Reputation: 582
I have a matrix with 0s and 1s, and want to do a cumsum on each column that resets to 0 whenever a zero is observed. For example, if we have the following:
df = pd.DataFrame([[0,1],[1,1],[0,1],[1,0],[1,1],[0,1]],columns = ['a','b'])
print(df)
a b
0 0 1
1 1 1
2 0 1
3 1 0
4 1 1
5 0 1
The result I desire is:
print(df)
a b
0 0 1
1 1 2
2 0 3
3 1 0
4 2 1
5 0 2
However, when I try df.cumsum() * df
, I am able to correctly identify the 0 elements, but the counter does not reset:
print(df.cumsum() * df)
a b
0 0 1
1 1 2
2 0 3
3 2 0
4 3 4
5 0 5
Upvotes: 18
Views: 16671
Reputation: 1956
You may also try the following naive but reliable approach.

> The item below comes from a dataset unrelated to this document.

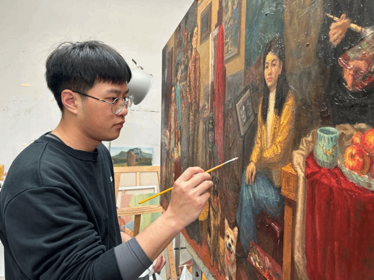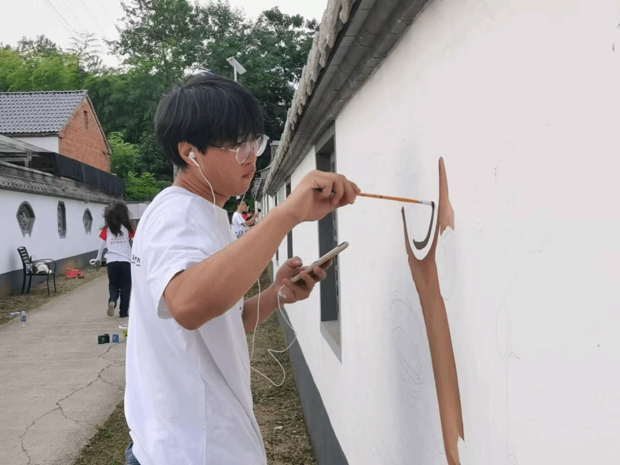 知识如果不付诸行动,就如同没有翅膀的鸟。他认为必须要始终保持学习的热情和实践的勇气,不断将新知识转化为解决问题的实际能力。通过不断的学习和应用,可以持续提升自己。在校期间,他多次参加暑期社会实践活动和各类志愿服务活动,将所学知识学以致用,为社会建设贡献自己的一份力量。他热衷学习新知识,不仅限于书本上的理论,更注重将所学应用到实践中去。他将专业知识投入到“美育聚梦课堂”艺术支教和“乡村美化师”墙体彩绘的实践中。孩童们开心的笑容,乡村中漂亮的墙绘,都是他动力的源泉。在“为烈士画像”系列公益活动中其被评为优秀志愿者,他根据家属的描述,为没有留下照片的烈士重现记忆中的模样。

Per every column - create groups to count within. Group starts once sequential value difference by row appears and lasts while value is being constant: (x != x.shift()).cumsum()
.
Example:
a b
0 1 1
1 2 1
2 3 1
3 4 2
4 4 3
5 5 3
Calculate cummulative sums within groups per columns using pd.DataFrame
's apply
and groupby
methods and you get cumsum with the zero reset in one line:
import pandas as pd
df = pd.DataFrame([[0,1],[1,1],[0,1],[1,0],[1,1],[0,1]], columns = ['a','b'])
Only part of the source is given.